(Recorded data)

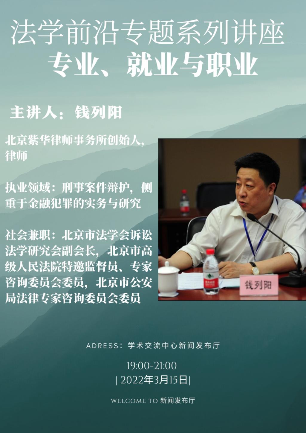 【预告】法学前沿专题系列讲座——专业、就业与职业
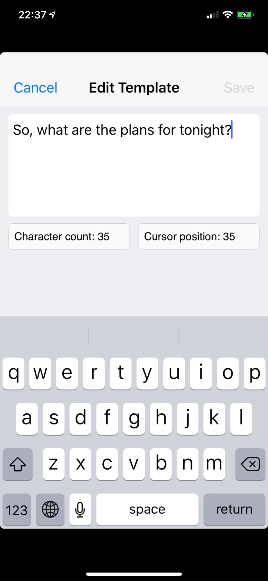 - Character count – know the length of your Templates as you create / amend them.
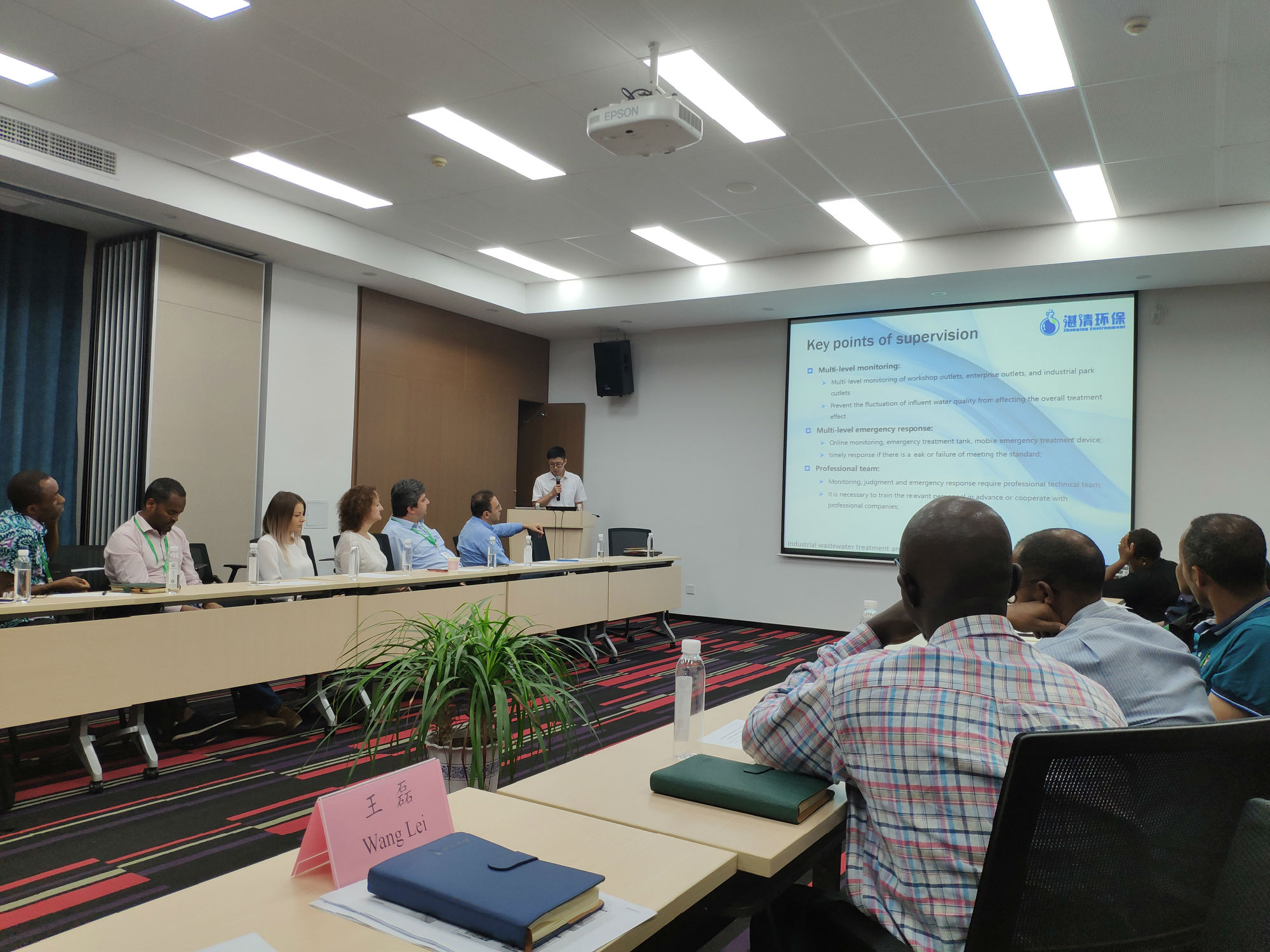 湛清環(huán)??偨?jīng)理王磊向研修班學(xué)員詳盡的介紹了湛清環(huán)保的核心業(yè)務(wù)、技術(shù)優(yōu)勢(shì)以及針對(duì)工業(yè)園區(qū)廢水處理的許多建議,并表達(dá)了我們?cè)敢馀c一帶一路沿線國(guó)家合作共贏、安全共筑、和諧共生的美好愿景。
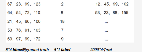 RPN输出的2000个roi作为ProposalTargetCreator的输入,同时输入的还有一张图上的所有bbox、label的ground trurh。如果此输入图像里有5个object,那么就有5个bbox和5个label。那么这时的三个输入可能是:下面我们将使用此例R=5来分析:
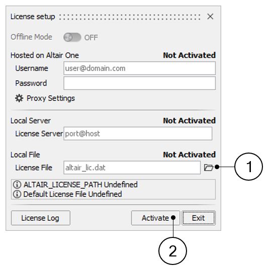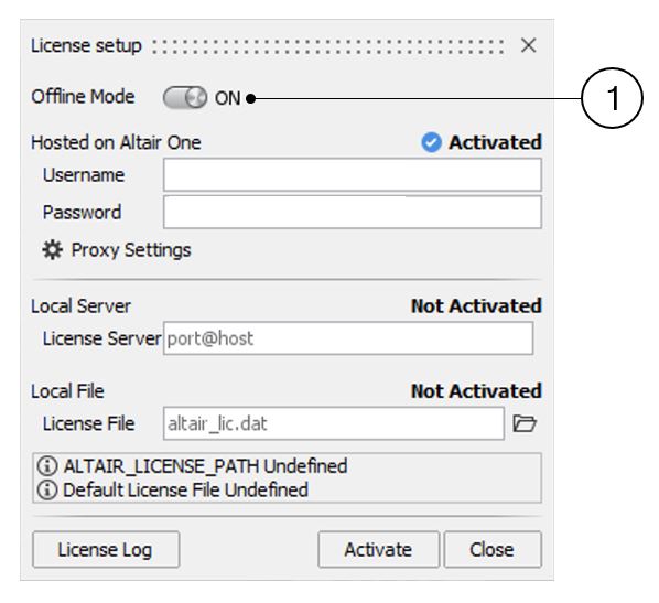 Click the “Offline Mode” slider (Mark 1 Figure 6 – License via Altair One – Offline Mode).
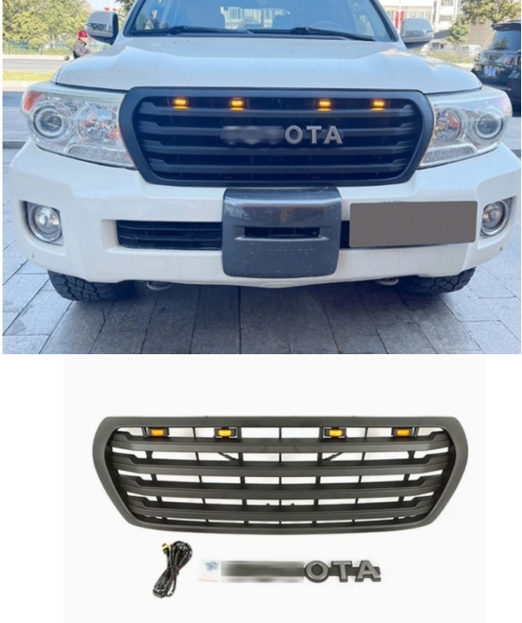 - トヨタ ランドクルーザー200系 2007-2015年 前期中期 LED付き フロントグリル フロントガーニッシュ外装カスタム TOYOTAロゴ付き

_ABOUT THIS EXERCISE_
Give the entries again exactly. Pictures stay out.

_RESPONSE FOR THIS EXERCISE_
 【预告】法学前沿专题系列讲座——专业、就业与职业
 - Character count – know the length of your Templates as you create / amend them.
 湛清環(huán)??偨?jīng)理王磊向研修班學(xué)員詳盡的介紹了湛清環(huán)保的核心業(yè)務(wù)、技術(shù)優(yōu)勢(shì)以及針對(duì)工業(yè)園區(qū)廢水處理的許多建議,并表達(dá)了我們?cè)敢馀c一帶一路沿線國(guó)家合作共贏、安全共筑、和諧共生的美好愿景。
 RPN输出的2000个roi作为ProposalTargetCreator的输入,同时输入的还有一张图上的所有bbox、label的ground trurh。如果此输入图像里有5个object,那么就有5个bbox和5个label。那么这时的三个输入可能是:下面我们将使用此例R=5来分析:
 Click the “Offline Mode” slider (Mark 1 Figure 6 – License via Altair One – Offline Mode).
 - トヨタ ランドクルーザー200系 2007-2015年 前期中期 LED付き フロントグリル フロントガーニッシュ外装カスタム TOYOTAロゴ付き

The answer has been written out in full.